About this exercise
This exercise calls for the records to be returned exactly, with images removed.

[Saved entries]
[Start of section]

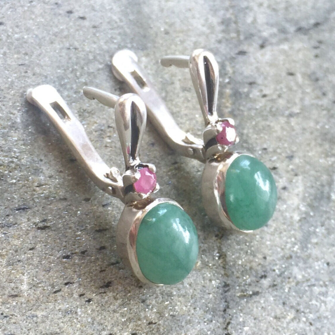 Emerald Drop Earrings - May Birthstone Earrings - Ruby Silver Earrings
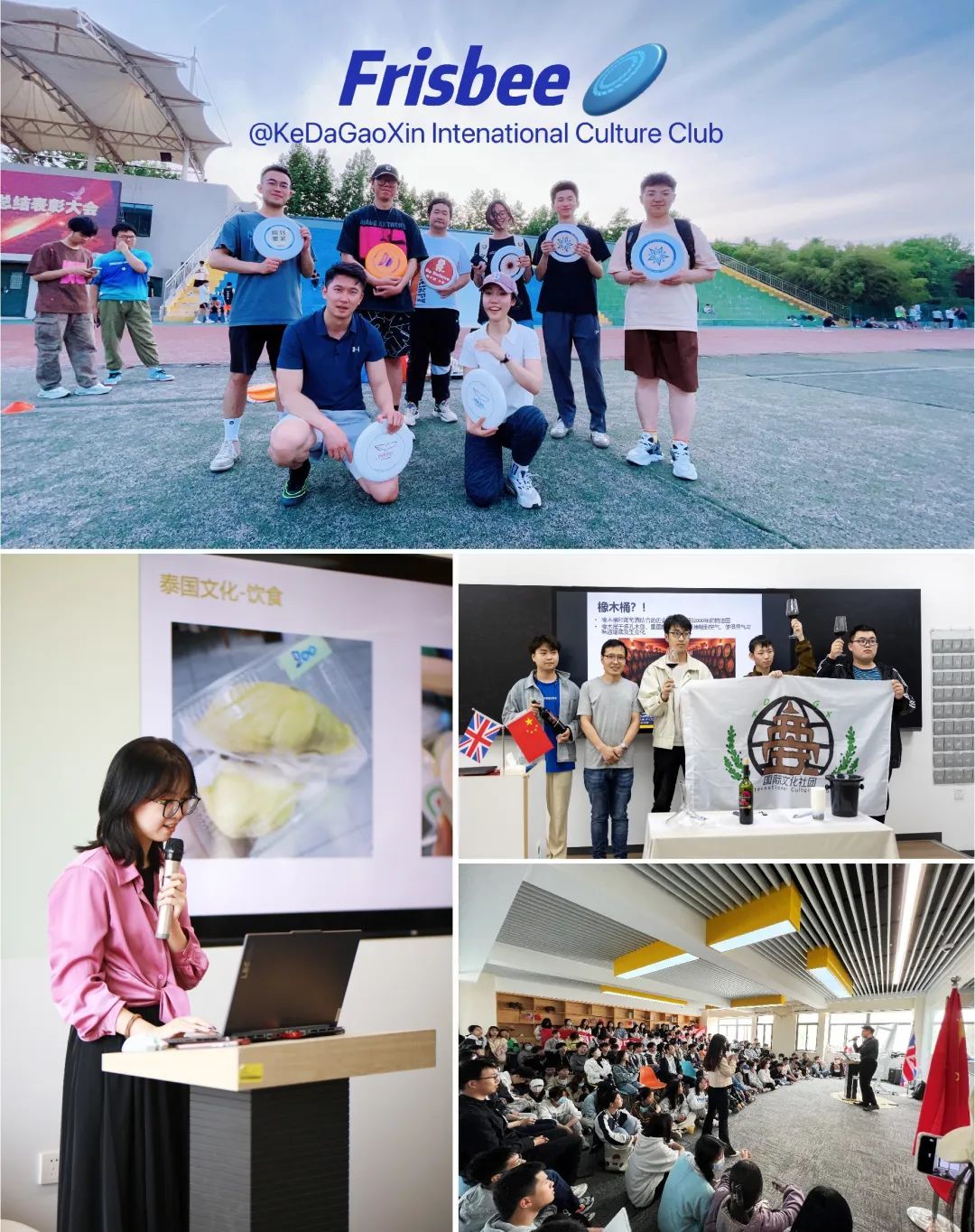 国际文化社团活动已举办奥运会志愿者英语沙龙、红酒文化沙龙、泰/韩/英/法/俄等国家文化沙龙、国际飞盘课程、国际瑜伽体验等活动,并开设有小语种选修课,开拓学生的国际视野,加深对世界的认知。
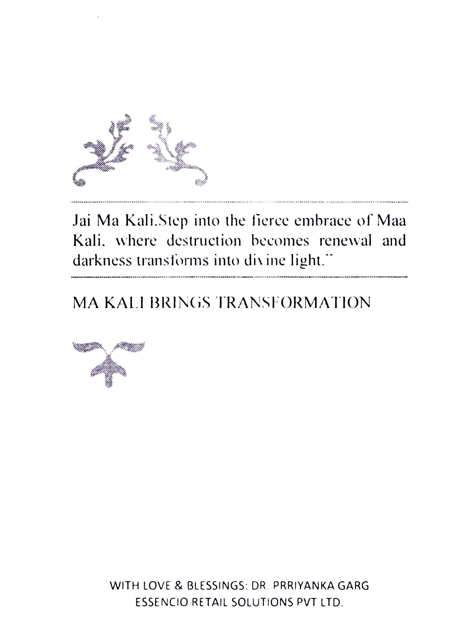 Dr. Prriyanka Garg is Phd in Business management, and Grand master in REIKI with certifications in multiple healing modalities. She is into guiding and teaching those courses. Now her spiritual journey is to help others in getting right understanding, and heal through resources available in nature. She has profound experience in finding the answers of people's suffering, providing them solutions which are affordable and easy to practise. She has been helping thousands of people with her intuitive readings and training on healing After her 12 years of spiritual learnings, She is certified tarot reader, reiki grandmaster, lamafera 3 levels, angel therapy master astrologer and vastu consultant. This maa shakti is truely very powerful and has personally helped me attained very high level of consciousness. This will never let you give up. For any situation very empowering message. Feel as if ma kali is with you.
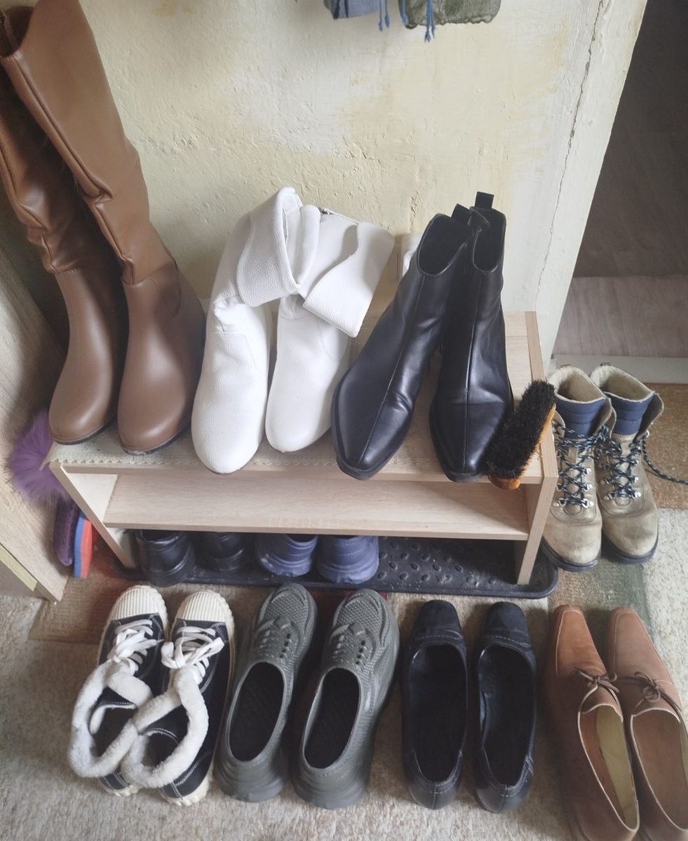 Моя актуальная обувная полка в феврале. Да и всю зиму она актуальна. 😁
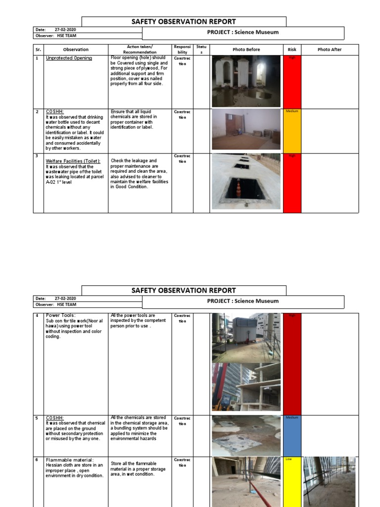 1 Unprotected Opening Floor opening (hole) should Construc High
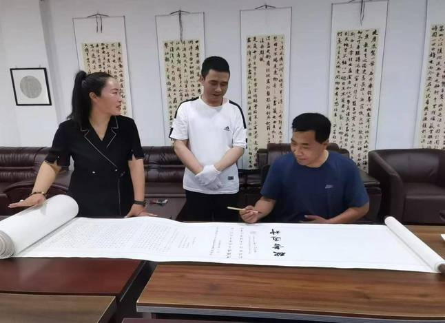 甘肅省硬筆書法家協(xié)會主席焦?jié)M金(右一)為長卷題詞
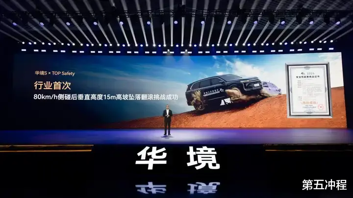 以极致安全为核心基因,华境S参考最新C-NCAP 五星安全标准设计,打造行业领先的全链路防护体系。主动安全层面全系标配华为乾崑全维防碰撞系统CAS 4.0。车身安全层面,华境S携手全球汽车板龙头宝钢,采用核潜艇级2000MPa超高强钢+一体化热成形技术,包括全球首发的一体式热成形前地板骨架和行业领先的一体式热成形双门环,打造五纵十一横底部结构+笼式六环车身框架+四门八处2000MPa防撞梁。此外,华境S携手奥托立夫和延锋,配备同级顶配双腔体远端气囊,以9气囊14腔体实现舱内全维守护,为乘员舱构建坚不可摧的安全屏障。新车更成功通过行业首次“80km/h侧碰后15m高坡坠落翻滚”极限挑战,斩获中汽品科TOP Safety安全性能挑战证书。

[End of section]

Response box
 Emerald Drop Earrings - May Birthstone Earrings - Ruby Silver Earrings
 国际文化社团活动已举办奥运会志愿者英语沙龙、红酒文化沙龙、泰/韩/英/法/俄等国家文化沙龙、国际飞盘课程、国际瑜伽体验等活动,并开设有小语种选修课,开拓学生的国际视野,加深对世界的认知。
 Dr. Prriyanka Garg is Phd in Business management, and Grand master in REIKI with certifications in multiple healing modalities. She is into guiding and teaching those courses. Now her spiritual journey is to help others in getting right understanding, and heal through resources available in nature. She has profound experience in finding the answers of people's suffering, providing them solutions which are affordable and easy to practise. She has been helping thousands of people with her intuitive readings and training on healing After her 12 years of spiritual learnings, She is certified tarot reader, reiki grandmaster, lamafera 3 levels, angel therapy master astrologer and vastu consultant. This maa shakti is truely very powerful and has personally helped me attained very high level of consciousness. This will never let you give up. For any situation very empowering message. Feel as if ma kali is with you.
 Моя актуальная обувная полка в феврале. Да и всю зиму она актуальна. 😁
 1 Unprotected Opening Floor opening (hole) should Construc High
 甘肅省硬筆書法家協(xié)會主席焦?jié)M金(右一)為長卷題詞
 以极致安全为核心基因,华境S参考最新C-NCAP 五星安全标准设计,打造行业领先的全链路防护体系。主动安全层面全系标配华为乾崑全维防碰撞系统CAS 4.0。车身安全层面,华境S携手全球汽车板龙头宝钢,采用核潜艇级2000MPa超高强钢+一体化热成形技术,包括全球首发的一体式热成形前地板骨架和行业领先的一体式热成形双门环,打造五纵十一横底部结构+笼式六环车身框架+四门八处2000MPa防撞梁。此外,华境S携手奥托立夫和延锋,配备同级顶配双腔体远端气囊,以9气囊14腔体实现舱内全维守护,为乘员舱构建坚不可摧的安全屏障。新车更成功通过行业首次“80km/h侧碰后15m高坡坠落翻滚”极限挑战,斩获中汽品科TOP Safety安全性能挑战证书。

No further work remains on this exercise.